Source data
════════════════════

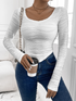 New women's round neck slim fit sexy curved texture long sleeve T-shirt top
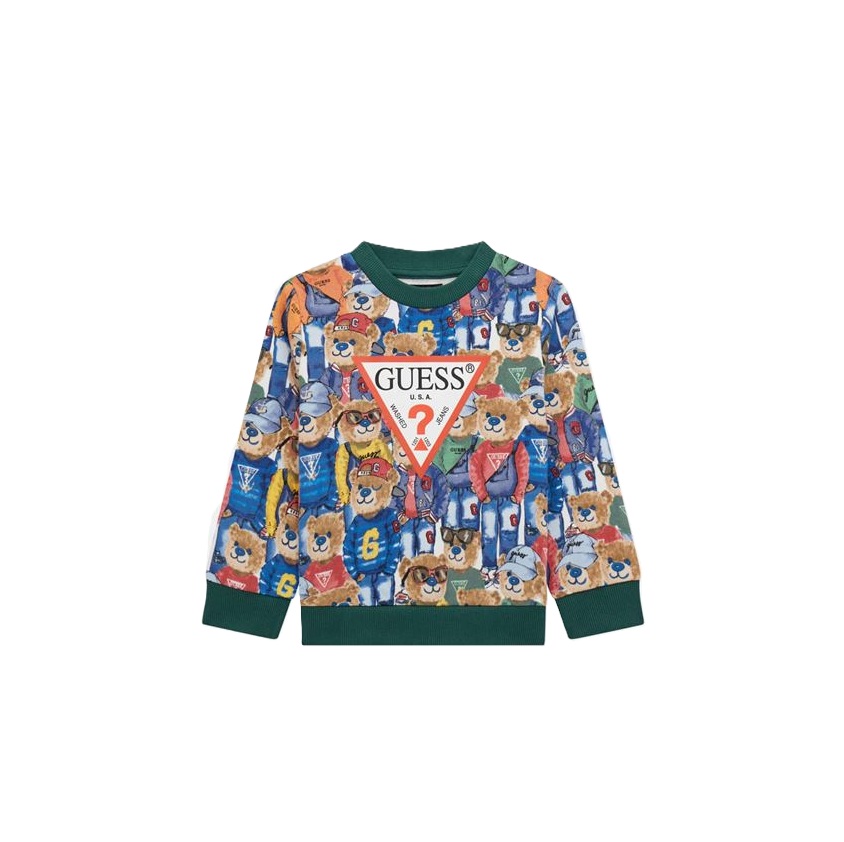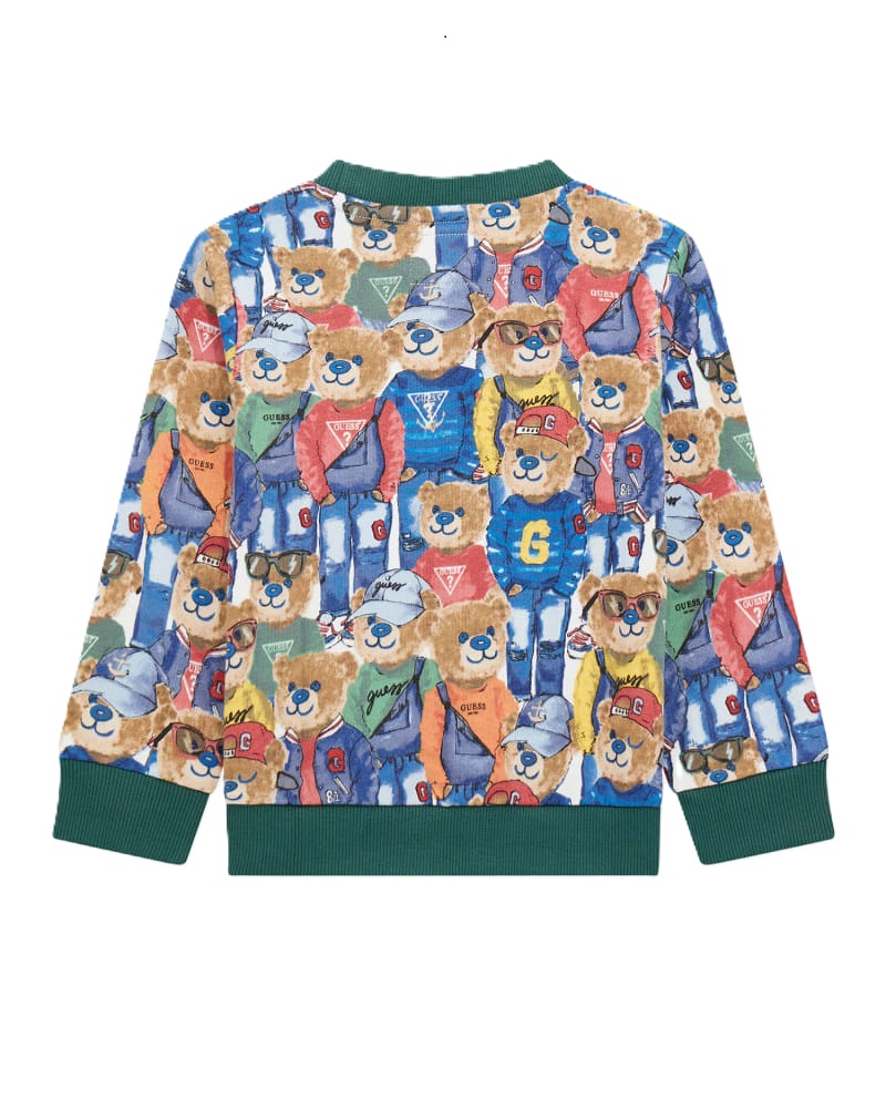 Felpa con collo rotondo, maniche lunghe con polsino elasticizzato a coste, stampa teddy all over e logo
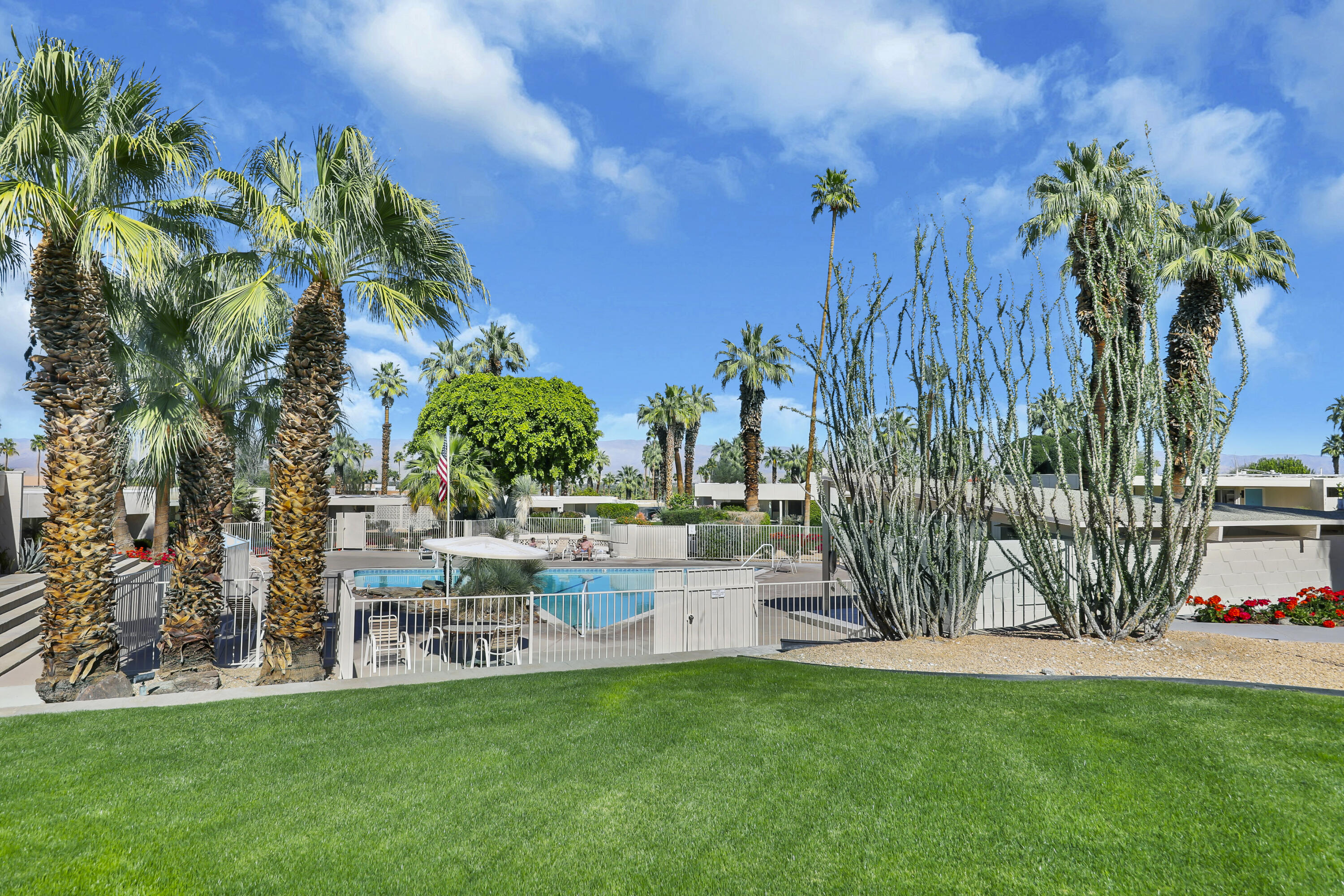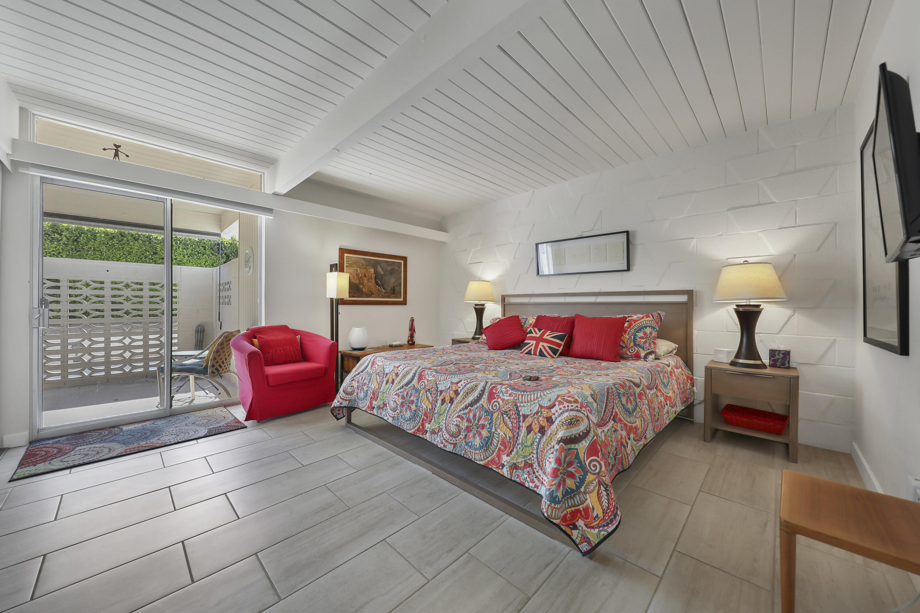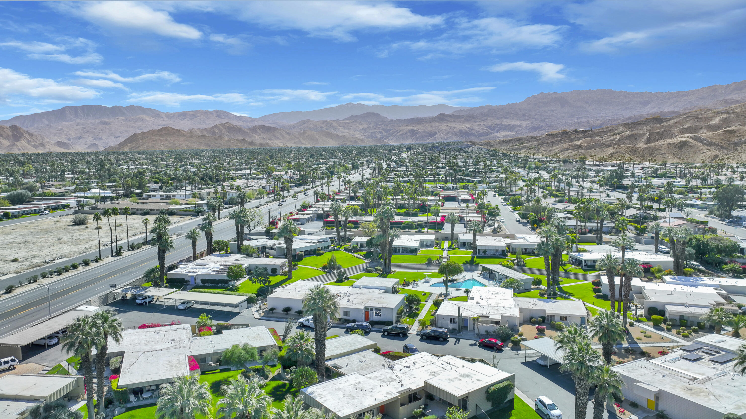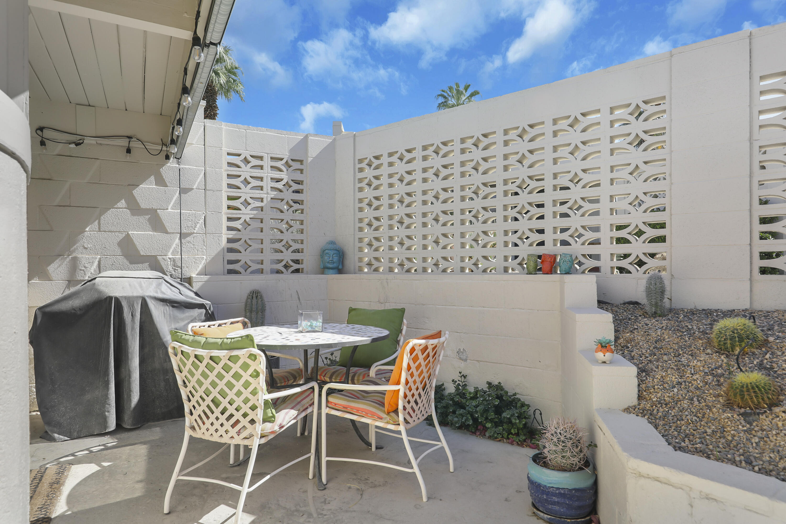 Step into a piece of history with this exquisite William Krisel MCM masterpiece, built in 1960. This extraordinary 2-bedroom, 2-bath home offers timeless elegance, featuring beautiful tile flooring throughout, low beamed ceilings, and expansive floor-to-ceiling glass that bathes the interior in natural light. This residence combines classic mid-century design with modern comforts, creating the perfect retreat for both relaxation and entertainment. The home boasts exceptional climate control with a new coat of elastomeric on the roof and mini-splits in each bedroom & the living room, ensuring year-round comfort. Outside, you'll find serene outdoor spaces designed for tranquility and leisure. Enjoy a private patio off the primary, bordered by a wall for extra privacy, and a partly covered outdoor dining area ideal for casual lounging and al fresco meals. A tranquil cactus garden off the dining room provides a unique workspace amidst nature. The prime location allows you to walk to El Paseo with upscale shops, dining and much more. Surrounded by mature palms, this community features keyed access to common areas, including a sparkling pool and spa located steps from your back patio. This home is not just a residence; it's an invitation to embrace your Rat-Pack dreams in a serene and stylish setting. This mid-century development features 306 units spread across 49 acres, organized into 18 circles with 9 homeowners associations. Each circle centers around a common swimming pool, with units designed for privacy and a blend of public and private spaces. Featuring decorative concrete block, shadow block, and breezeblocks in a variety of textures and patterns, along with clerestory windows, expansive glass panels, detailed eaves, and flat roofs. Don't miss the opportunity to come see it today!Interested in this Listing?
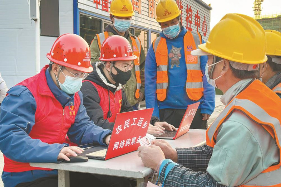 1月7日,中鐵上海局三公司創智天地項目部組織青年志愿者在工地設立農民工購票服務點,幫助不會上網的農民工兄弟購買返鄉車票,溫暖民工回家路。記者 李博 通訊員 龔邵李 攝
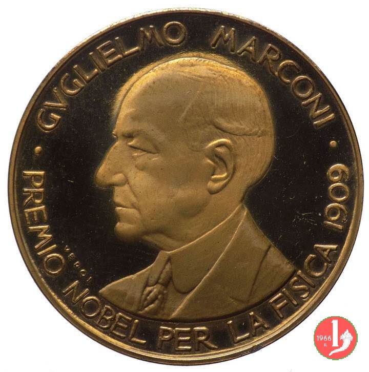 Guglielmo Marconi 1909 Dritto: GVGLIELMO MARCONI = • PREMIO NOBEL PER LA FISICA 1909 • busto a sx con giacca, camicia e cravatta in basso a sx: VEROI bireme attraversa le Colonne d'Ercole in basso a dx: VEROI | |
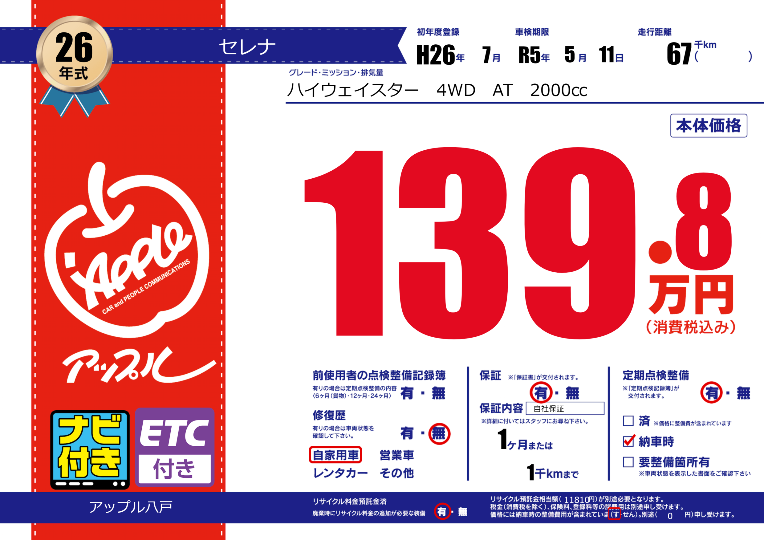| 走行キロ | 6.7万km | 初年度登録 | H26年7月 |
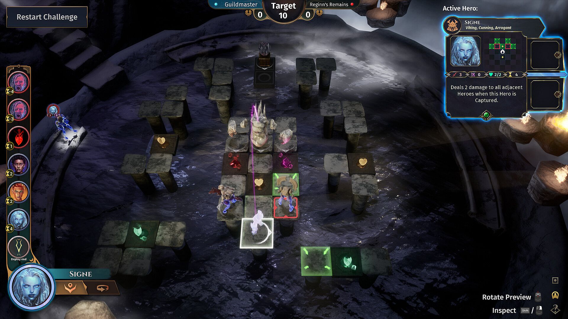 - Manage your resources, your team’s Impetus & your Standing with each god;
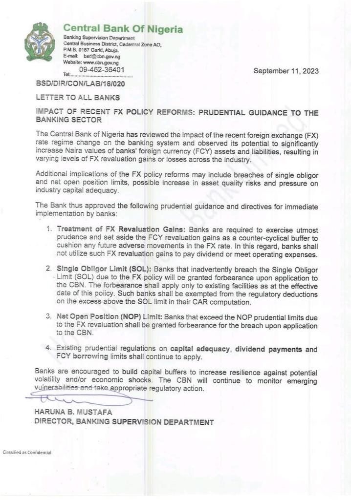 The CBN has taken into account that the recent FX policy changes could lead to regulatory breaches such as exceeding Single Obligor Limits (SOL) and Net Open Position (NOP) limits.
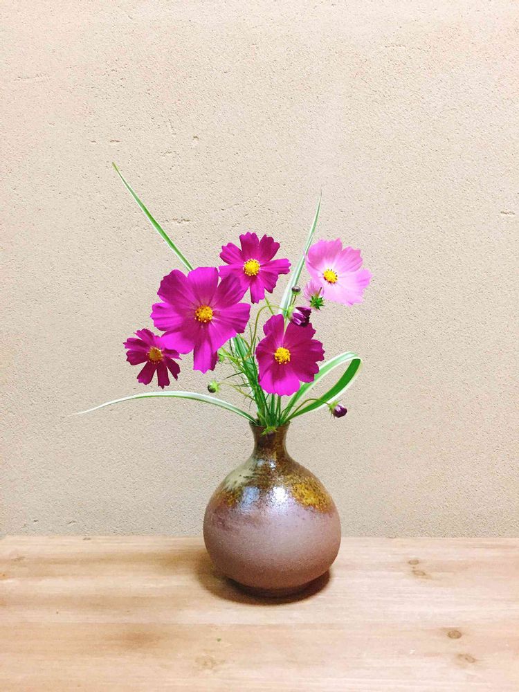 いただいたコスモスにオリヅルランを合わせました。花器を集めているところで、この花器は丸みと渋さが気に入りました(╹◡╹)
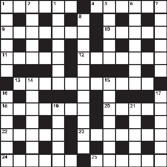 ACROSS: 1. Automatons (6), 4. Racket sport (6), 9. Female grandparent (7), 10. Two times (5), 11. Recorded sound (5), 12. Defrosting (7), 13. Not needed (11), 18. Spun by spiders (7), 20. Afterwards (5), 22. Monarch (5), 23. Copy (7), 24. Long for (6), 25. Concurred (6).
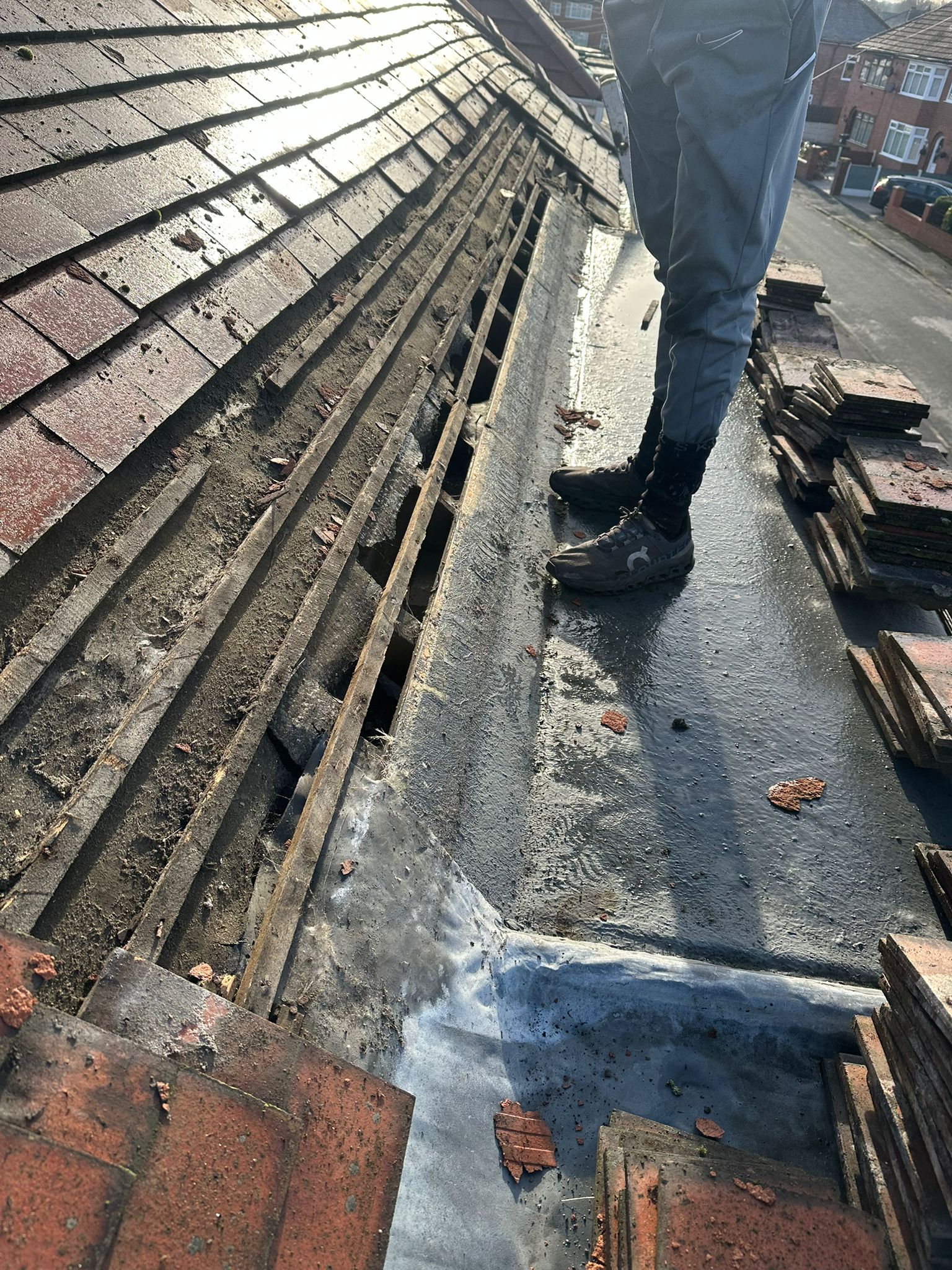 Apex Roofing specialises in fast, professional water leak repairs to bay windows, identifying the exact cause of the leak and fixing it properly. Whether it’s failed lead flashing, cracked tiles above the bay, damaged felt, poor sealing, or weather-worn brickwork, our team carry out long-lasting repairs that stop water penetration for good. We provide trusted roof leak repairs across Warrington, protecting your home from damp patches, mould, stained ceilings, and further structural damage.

════════════════════

* AIM OF THE TASK
The exact lines from the beginning of the data through the one that contains "Step into a" must be given again, both ends included, and pictures must be left out.

* RESPONSE TO THIS TASK
 New women's round neck slim fit sexy curved texture long sleeve T-shirt top
 Felpa con collo rotondo, maniche lunghe con polsino elasticizzato a coste, stampa teddy all over e logo
 Step into a piece of history with this exquisite William Krisel MCM masterpiece, built in 1960. This extraordinary 2-bedroom, 2-bath home offers timeless elegance, featuring beautiful tile flooring throughout, low beamed ceilings, and expansive floor-to-ceiling glass that bathes the interior in natural light. This residence combines classic mid-century design with modern comforts, creating the perfect retreat for both relaxation and entertainment. The home boasts exceptional climate control with a new coat of elastomeric on the roof and mini-splits in each bedroom & the living room, ensuring year-round comfort. Outside, you'll find serene outdoor spaces designed for tranquility and leisure. Enjoy a private patio off the primary, bordered by a wall for extra privacy, and a partly covered outdoor dining area ideal for casual lounging and al fresco meals. A tranquil cactus garden off the dining room provides a unique workspace amidst nature. The prime location allows you to walk to El Paseo with upscale shops, dining and much more. Surrounded by mature palms, this community features keyed access to common areas, including a sparkling pool and spa located steps from your back patio. This home is not just a residence; it's an invitation to embrace your Rat-Pack dreams in a serene and stylish setting. This mid-century development features 306 units spread across 49 acres, organized into 18 circles with 9 homeowners associations. Each circle centers around a common swimming pool, with units designed for privacy and a blend of public and private spaces. Featuring decorative concrete block, shadow block, and breezeblocks in a variety of textures and patterns, along with clerestory windows, expansive glass panels, detailed eaves, and flat roofs. Don't miss the opportunity to come see it today!Interested in this Listing?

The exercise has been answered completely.